··· DATA LISTING

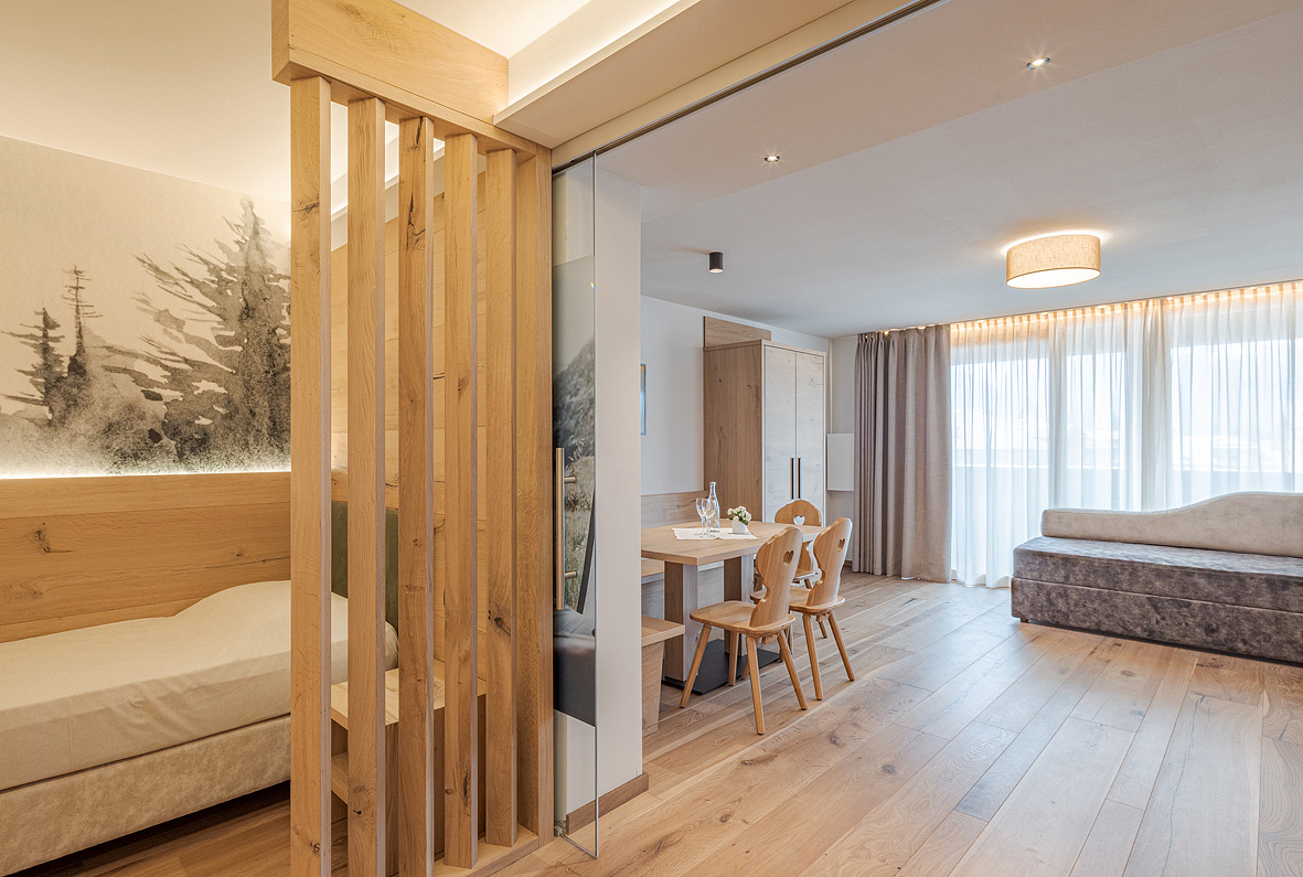 další typy pokojů - za příplatek lze objednat další nadstandardní pokoje Living Family Suite 4/5/6, Junior Suite La Pieve 2/3/4 a Spa Suite 2/3/4 (až 60 m² se 2 sociálními zařízeními, oddělenými pokoji, bio saunou…)
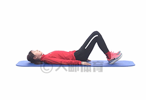 1.身体呈仰卧姿势,一侧腿屈膝,脚跟触地支撑。另一侧腿屈髋屈膝抬起,双手抱住非支撑腿的膝部。
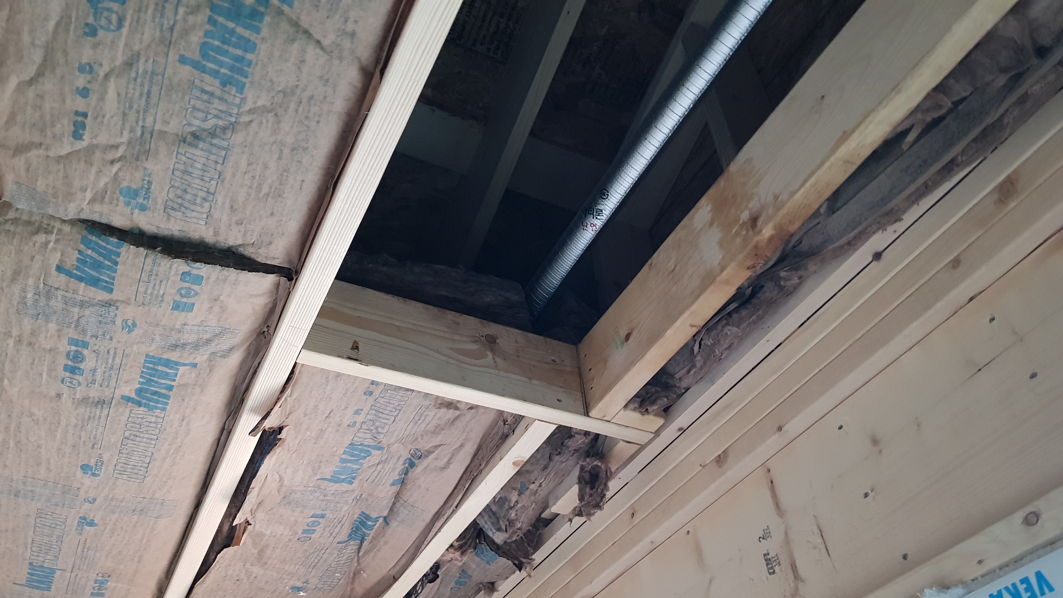 시스템에어컨이 들어갈 자리이다. 이건 다른걸로 막을 방법이 없다. 시스템에어컨 자리 밑으로 겨울에 웃풍이 들어오는거 아닌가 모르겠다.
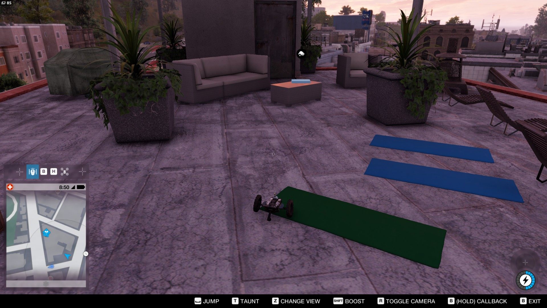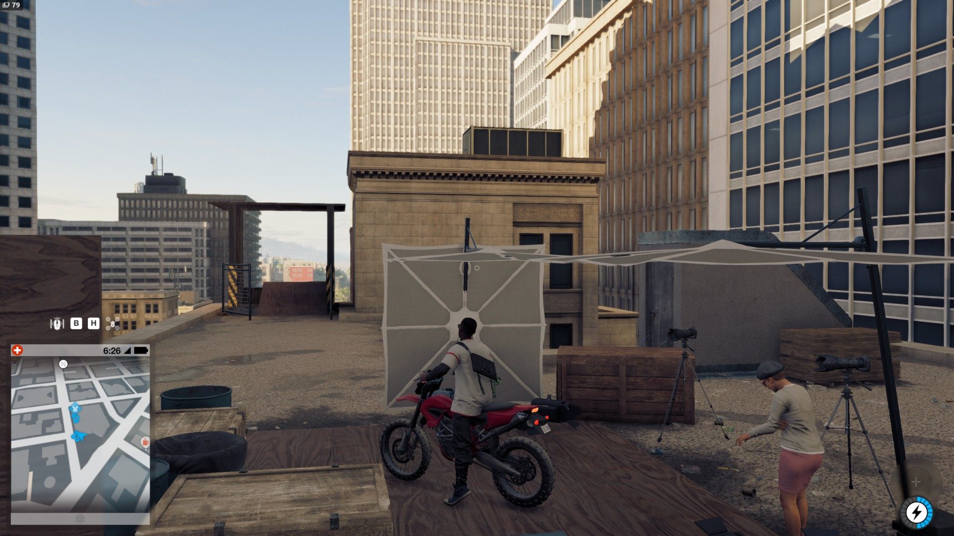 There is a motorcycle on the roof. Use it, and the ramp, to make a stunt jump to the second, lower part of the roof on which the terrace is located.
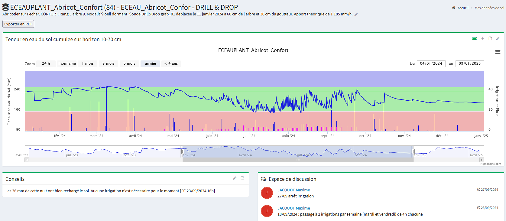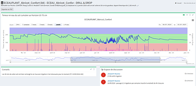 - la version privée, avec codes d’accès, est destinée aux sondes installées sur des parcelles irriguées (qui deviennent des cas particuliers). Cet OAD (Outil d’Aide à la Décision) permet d’aider les agriculteurs à piloter au mieux leur irrigation. On peut y échanger des conseils, des observations, saisir les irrigations… Chaque agriculteur bénéficie d’un accompagnement personnalisé pour comprendre les résultats et ajuster ses apports d’eau. L’objectif est d’éviter le stress hydrique des cultures tout en économisant de l’eau. Cette méthode s’inscrit dans une démarche d’agriculture performante et respectueuse des ressources.

······

# TASK DETAILS
For this exercise, please set down exactly the lines of the listing above from the line with "1.身体呈仰卧姿势,一侧腿屈" up to and including the line with "There is a motorcycle", and no pictures.

# RESPONSE BOX
 1.身体呈仰卧姿势,一侧腿屈膝,脚跟触地支撑。另一侧腿屈髋屈膝抬起,双手抱住非支撑腿的膝部。
 시스템에어컨이 들어갈 자리이다. 이건 다른걸로 막을 방법이 없다. 시스템에어컨 자리 밑으로 겨울에 웃풍이 들어오는거 아닌가 모르겠다.
 There is a motorcycle on the roof. Use it, and the ramp, to make a stunt jump to the second, lower part of the roof on which the terrace is located.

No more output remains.